The size of a "word" is determined by the OS variant (e.g., for 32-bit Linux
it's 32 bits, etc.).
Tracing causes a few subtle differences in the semantics of traced processes.
For example, if a process is attached to with PTRACE_ATTACH, its original
parent can no longer receive notification via
wait
when it stops, and there is no way for the new parent to effectively simulate
this notification.
This page documents the way the
ptrace
call works currently in Linux. Its behavior differs noticeably on other
flavors of Unix. In any case, use of
ptrace
is highly OS- and architecture-specific.
The SunOS man page describes
ptrace
as "unique and arcane", which it is.

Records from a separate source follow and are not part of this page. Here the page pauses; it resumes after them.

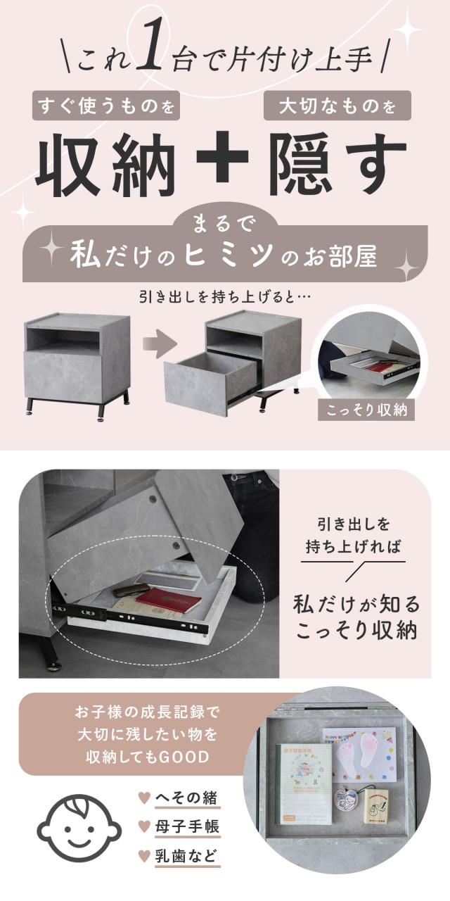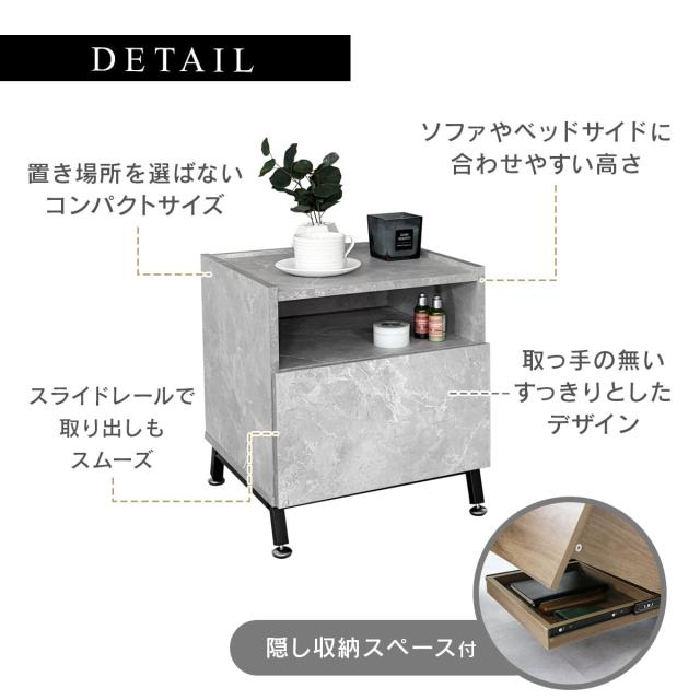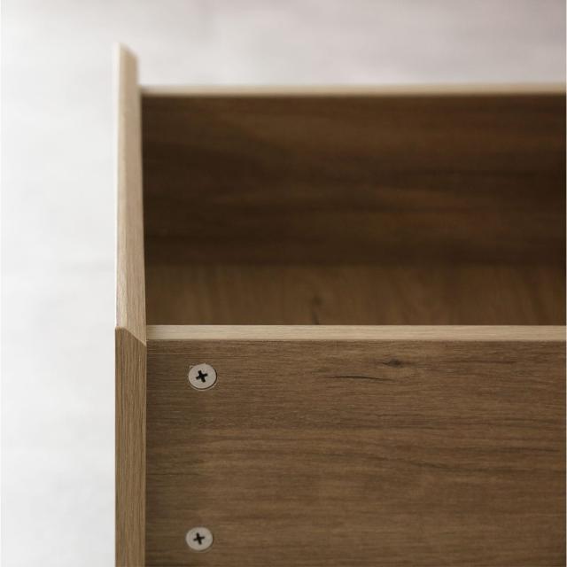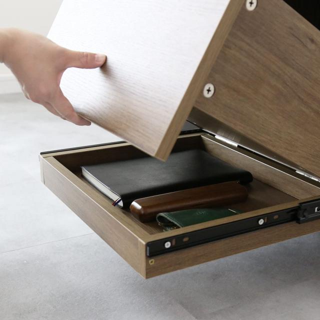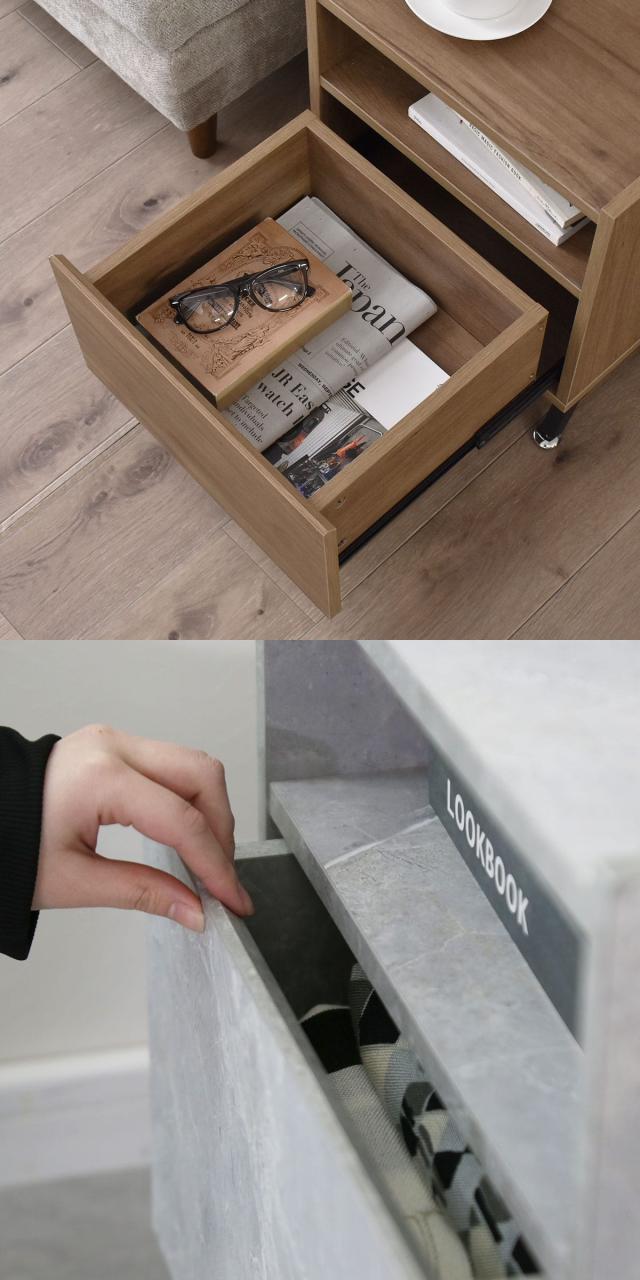 引き出しにはスライドレールを採用しており、軽い力でスムーズに開閉可能。奥までしっかり引き出せるので、収納したアイテムが取り出しやすく、整理整頓もラクになります。リモコンや文房具、ノートやメガネなど、よく使う小物をすっきり収納でき、見た目もスッキリ。ストレスフリーな使い心地を実現します。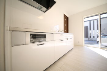 壁付けにすることでキッチンスペースもリビングとして利用できるので
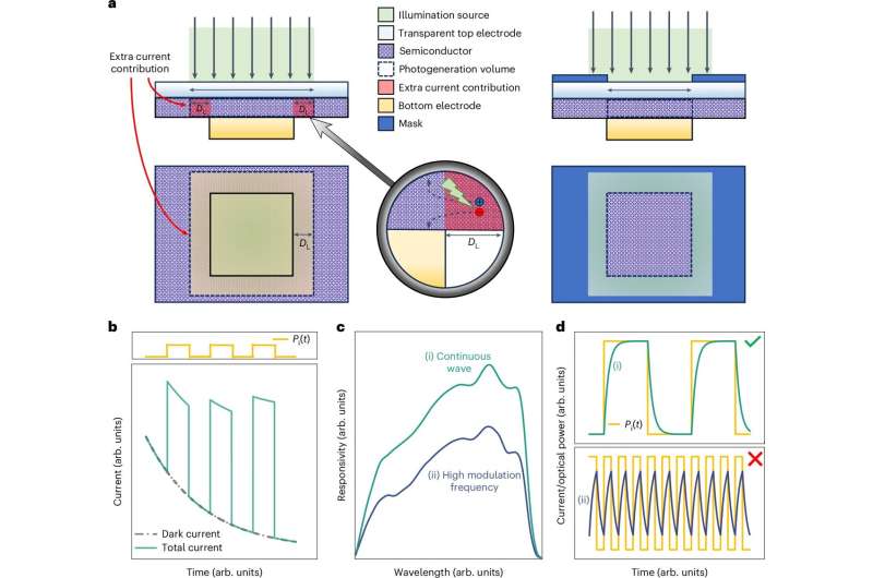 響應(yīng)度 / 外量子效率(EQE)表征面臨的挑戰(zhàn)。a 圖:左側(cè)為入射光束過(guò)填充現(xiàn)象,載流子產(chǎn)生區(qū)域超出標(biāo)稱活性區(qū)域,延伸至特征尺寸為 DL 的外圍區(qū)域,導(dǎo)致響應(yīng)度 / EQE 測(cè)定不準(zhǔn)確;右側(cè)為采用孔徑法實(shí)現(xiàn)響應(yīng)度 / EQE 的準(zhǔn)確測(cè)定。b 圖:在器件承受多束功率為 Pi (t) 的光脈沖期間,監(jiān)測(cè)隨時(shí)間變化的暗電流對(duì)準(zhǔn)確測(cè)量響應(yīng)度 / EQE 至關(guān)重要。c 圖:調(diào)制頻率選擇不當(dāng)對(duì)連續(xù)波光響應(yīng)度 / EQE 表征的調(diào)制測(cè)量結(jié)果產(chǎn)生影響。d 圖:c 圖所示效應(yīng)的時(shí)域示意圖,上方為合適的調(diào)制頻率,可通過(guò)調(diào)制測(cè)量準(zhǔn)確測(cè)定連續(xù)波光響應(yīng)度 / EQE;下方為不合適的調(diào)制頻率。來(lái)源:《自然光子學(xué)》(2025)。DOI:10.1038/s41566-025-01759-1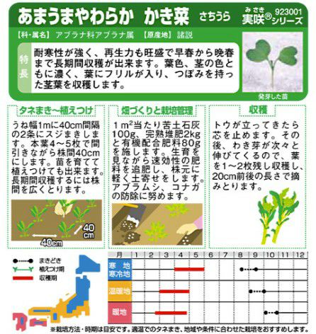 他の画像を見る 葉菜 種 【 あまうまやわらかかき菜 さちうら 】 実咲小袋 ( 葉菜の種 ) 当店特別価格 ¥ 385 税込 柔らかい茎葉にコクと甘みがたっぷり! カートに入れる お気に入りに登録する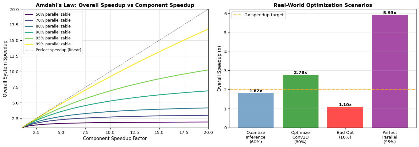 import numpy as npimport matplotlib.pyplot as pltdef amdahls_law(parallel_fraction, speedup_factor):""" Calculate theoretical speedup using Amdahl's Law Overall speedup = 1 / ((1 - P) + P/S) where P = fraction that can be parallelized/optimized S = speedup factor for that fraction """if parallel_fraction <0or parallel_fraction >1:raiseValueError("Parallel fraction must be between 0 and 1") serial_fraction =1- parallel_fraction speedup =1/ (serial_fraction + parallel_fraction / speedup_factor)return speedup# Example scenariosprint("="*70)print("Amdahl's Law: Optimization Scenarios")print("="*70)scenarios = [ {'name': 'Quantize inference (60% of time in MatMul)','parallel_fraction': 0.60,'speedup_factor': 4.0, # Int8 vs Float32'description': '60% of inference time is matrix multiplication, 4x faster with Int8' }, {'name': 'Optimize convolution (80% of time in Conv2D)','parallel_fraction': 0.80,'speedup_factor': 5.0, # CMSIS-NN optimization'description': '80% of inference time in Conv2D, 5x faster with CMSIS-NN' }, {'name': 'Bad optimization (only 10% of bottleneck)','parallel_fraction': 0.10,'speedup_factor': 10.0, # 10x faster but small fraction'description': 'Optimized part is 10x faster but only 10% of total time' }, {'name': 'Perfect parallelization (95% parallelizable)','parallel_fraction': 0.95,'speedup_factor': 8.0, # 8 cores'description': '95% can be parallelized across 8 cores' }]for scenario in scenarios: speedup = amdahls_law(scenario['parallel_fraction'], scenario['speedup_factor'])print(f"\n{scenario['name']}:")print(f" {scenario['description']}")print(f" Parallel fraction: {scenario['parallel_fraction']*100:.0f}%")print(f" Component speedup: {scenario['speedup_factor']:.1f}x")print(f" Overall speedup: {speedup:.2f}x")print(f" Time reduction: {(1-1/speedup)*100:.1f}%")# Visualize Amdahl's Law for different parallel fractionsfig, (ax1, ax2) = plt.subplots(1, 2, figsize=(14, 5))# Plot 1: Speedup vs component speedup for different parallel fractionsspeedup_factors = np.linspace(1, 20, 100)parallel_fractions = [0.5, 0.7, 0.8, 0.9, 0.95, 0.99]colors = plt.cm.viridis(np.linspace(0, 1, len(parallel_fractions)))for pf, color inzip(parallel_fractions, colors): speedups = [amdahls_law(pf, sf) for sf in speedup_factors] ax1.plot(speedup_factors, speedups, label=f'{pf*100:.0f}% parallelizable', linewidth=2, color=color)ax1.plot(speedup_factors, speedup_factors, 'k--', linewidth=1, label='Perfect speedup (linear)', alpha=0.5)ax1.set_xlabel('Component Speedup Factor', fontsize=11)ax1.set_ylabel('Overall System Speedup', fontsize=11)ax1.set_title("Amdahl's Law: Overall Speedup vs Component Speedup", fontweight='bold')ax1.legend(loc='upper left', fontsize=9)ax1.grid(True, alpha=0.3)ax1.set_xlim(1, 20)ax1.set_ylim(1, 20)# Plot 2: Practical optimization examplesopt_names = ['Quantize\nInference\n(60%)', 'Optimize\nConv2D\n(80%)','Bad Opt\n(10%)', 'Perfect\nParallel\n(95%)']opt_speedups = [ amdahls_law(0.60, 4.0), amdahls_law(0.80, 5.0), amdahls_law(0.10, 10.0), amdahls_law(0.95, 8.0)]bars = ax2.bar(opt_names, opt_speedups, color=['steelblue', 'green', 'red', 'purple'], alpha=0.7)ax2.axhline(y=2, color='orange', linestyle='--', linewidth=2, label='2x speedup target', alpha=0.7)ax2.set_ylabel('Overall Speedup (x)', fontsize=11)ax2.set_title('Real-World Optimization Scenarios', fontweight='bold')ax2.legend()ax2.grid(True, alpha=0.3, axis='y')# Add value labels on barsfor bar in bars: height = bar.get_height() ax2.text(bar.get_x() + bar.get_width()/2., height,f'{height:.2f}x', ha='center', va='bottom', fontsize=10, fontweight='bold')plt.tight_layout()plt.show()# Key insightprint("\n"+"="*70)print("Key Insight:")print("="*70)print("Optimizing a small fraction of code yields limited overall speedup,")print("even with massive component speedup. Always profile to find the")print("actual bottleneck before optimizing!")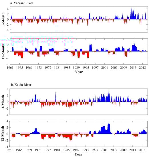 Time series of the SRI-3 and SRI-12 values in the Yarkant and Kaidu River Basins (a: Yarkant River Basin, b: Kaidu River Basin).

The proc-based debugging interface
present in Solaris 2 implements a superset of
ptrace
functionality in a more powerful and uniform way.
RETURN VALUE
On success, PTRACE_PEEK* requests return the requested data, while other requests
return zero. On error, all requests return -1, and
errno(3)
is set appropriately. Since the value returned by a successful PTRACE_PEEK*
request may be -1, the caller must check
errno
after such requests to determine whether or not an error occurred.
ERRORS
EPERM
The specified process cannot be traced. This could be because the parent has
insufficient privileges; non-root processes cannot trace processes that they
cannot send signals to or those running setuid/setgid programs, for obvious
reasons. Alternatively, the process may already be being traced, or be
init
(pid 1).
ESRCH
The specified process does not exist, or is not currently being traced by the
caller, or is not stopped (for requests that require that).
EIO
request is invalid, or an attempt was made to read from or write to an
invalid area in the parent's or child's memory, or there was a word-alignment
violation, or an invalid signal was specified during a restart request.
EFAULT
There was an attempt to read from or write to an invalid area in the parent's
or child's memory, probably because the area wasn't mapped or accessible.
Unfortunately, under Linux, different variations of this fault will return EIO
or EFAULT more or less arbitrarily.